Мок отвернулся от Мюльхауза. Из кармана он достал носовой платок, хмыкнул и принялся чистить испачканные грязью носки своих ботинок. Вокруг него медленно вращалась фотопластинка. Подсвеченные кадры были нечеткие и размытые. Виллибальда Мока на них не было. Никого не было. Никто не мог служить ему советом.
— Ну что, идем, Мок? — спросил Мюльхауз. — Мы замерзнем на этой крыше? Я все тебе рассказал. Выбор за тобой. Ты с ними или со мной? С убийцами или с полицией?
Мок приблизился к Мюльхаузу.
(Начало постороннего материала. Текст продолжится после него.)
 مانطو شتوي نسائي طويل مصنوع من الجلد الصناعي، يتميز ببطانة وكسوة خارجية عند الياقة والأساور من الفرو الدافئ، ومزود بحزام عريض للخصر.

Он протянул руку и вытер грязный платок о лицо криминального советника.
— Ну что так смотришь, Мок? — Мюльхауз вытер лицо от песка и грязи. — Ты же меня не убьешь?
— Убью себя, Мюльхауз. Да, я убью себя, — сказал Мок и взял у Цупицы железный прут. — И собственноручно. Ты сам сказал, что я верный пес правосудия. Мое место не в тюрьме. Пес ни за что не хочет возвращаться в конуру. В конуре он не может вершить правосудие.
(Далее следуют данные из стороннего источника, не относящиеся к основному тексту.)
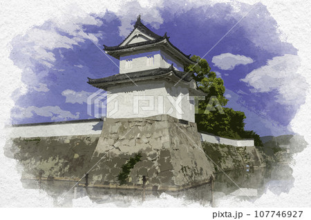 水彩画風 赤穂城 大手隅櫓 兵庫県赤穂市

Бухвальд под Бреслау, воскресенье 6 апреля 1924 года, пять часов утра
В XVIII веке барон Отто Фрайхерр фон Бухвальд поставил в своем имении небольшую ротонду, предназначение которой было тайной для всех посетителей резиденции. Большинство гостей думали, что старый барон украсил парк часовней или храмом размышления. Против первой гипотезы выступило бы полное отсутствие религиозной символики, против второй — характер этого сооружения. Ибо это была не просто крыша, поддерживаемая четырьмя или шестью колоннами, как это обычно бывало в подобных сооружениях, а цилиндр без окон, прикрытый псевдороманской крышей. Единственными отверстиями в этой ротонде были: длинный узкий витраж и большие дверцы, вписанные в мощный портал. Для храма размышления она казалась слишком большой. В этот момент внутри нее находилось двадцать пять человек, а свободно могло поместиться и еще столько же.
Они заполняли все пространство здания. Одетые во фраки или сюртуки, цилиндры или котелки, они стояли на ровно уложенных плитах песчаника и смотрели друг на друга с любопытством, равным тому, с каким смотрели бы на свои физиономии выпускники одного класса, которые встретились спустя годы. Они не часто видели друг друга без длинных клеенчатых плащей и масок в форме птичьего клюва. Однако их любопытство было не в полной мере удовлетворено, так как лица терялись в полумраке, слабо освещаемом свечами и пламенем огня в большом камине. По полу зашуршали чьи-то ботинки. На середину комнаты вышел высокий и дородный седовласый мужчина.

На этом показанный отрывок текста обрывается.